Около двенадцати часов Морис должен был, однако, оставить Женевьеву и возвратиться в Тампль.
В конце улицы Сент-Авуа он встретил Лорена, сменившегося с караула, тот, отделясь от своего отряда, подошел к Морису, на лице которого отражаюсь все еще счастье, которое вливало в его сердце присутствие Женевьевы.
— А, — сказал Лорен, дружески пожав руку своего друга.
Морис сунул руку в карман, чтобы достать ключ. Это было придуманное им средство, свистом избавлять себя от поэтического вдохновения своего друга. Но тот, заметив это движение, удалился со смехом.
— Кстати, Морис, — сказал Лорен, отойдя на несколько шагов, — ты еще три дня будешь держать караул в Тампле! Поручаю тебе маленького Капета.
XII. Любовь
И точно, Морис был очень счастлив и одновременно очень несчастлив с некоторых пор. Так всегда бывает в начале сильной страсти.
Утренние заседания в своей секции, вечерние посещения старой улицы Сен-Жак, случайные явления в клубе Фермопилов заполняли все дни.
Он сознавал, что видеть Женевьеву каждый вечер — то же, что питать любовь безо всякой надежды.
Женевьева была одна из тех женщин, робких и на первый взгляд уступчивых, которые со всей искренностью протягивают руку дружбе и с невинной доверчивостью сестры и девы приближают чело к устам, но слова любви кажутся для них насмешкой, а плотское желание преступлением.
Если бы в порыве чистейшего вдохновения несравненная кисть Рафаэля решила изобразить на полотне Мадонну с улыбкой на устах, со светлым взором, отражающим небо, дивный ученик Перуджино мог бы взять за образец черты Женевьевы.
Среди цветов, полных свежести и благоухания, чуждая занятиям своего мужа и чуждая даже самому мужу, Женевьева всякий раз, как видел ее Морис, представлялась ему живой загадкой, смысла которой он не мог доискаться и не смел спросить.
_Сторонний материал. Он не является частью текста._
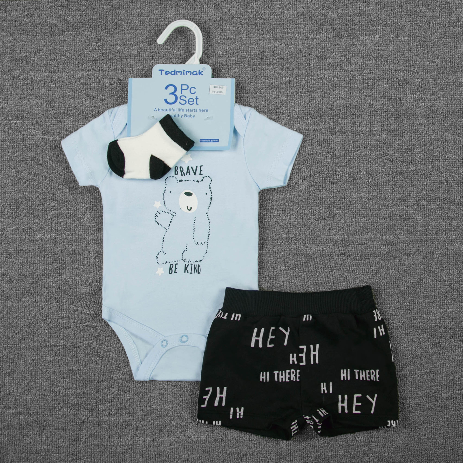 3-piece set, top, bottom, andhair band/socks

Однажды вечером, когда он, как обычно, беседовал с нею наедине и оба они сидели у того окна, в которое он влезал когда-то ночью с такой быстротой и шумом, когда благоухание распустившейся сирени разносилось по теплому воздуху после роскошного заката солнца, Морис после продолжительного молчаливого наблюдения за благоговейным и внимательным взглядом Женевьевы, пристально взиравшей на блестевшую серебристую звездочку в лазури неба, отважился спросить ее, как это случилось, что она так молода, а муж ее уже миновал средние лета жизни, что она так образованна, в то время как все указывало в муже на его грубое воспитание и низкое происхождение; что она так исполнена поэзии, наконец, а ее муж занимается тщательным взвешиванием, растягиванием и окраской кож на своей фабрике?
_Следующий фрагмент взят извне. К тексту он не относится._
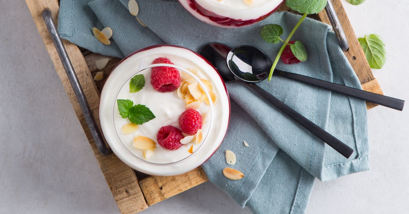 Schichtdessert mit Himbeeren und Joghurt

— Как могли попасть к кожевнику, — сказал Морис, — эта арфа, это фортепиано, эти рисунки, над которыми вы трудились? К чему, наконец, весь этот аристократизм, который я ненавижу у других и нахожу уместным у вас?
Женевьева устремила на Мориса взгляд, полный кротости.
— Благодарю вас, — сказала она, — за этот вопрос; он доказывает, что вы очень деликатный человек и что вы никогда обо мне ни у кого не справлялись.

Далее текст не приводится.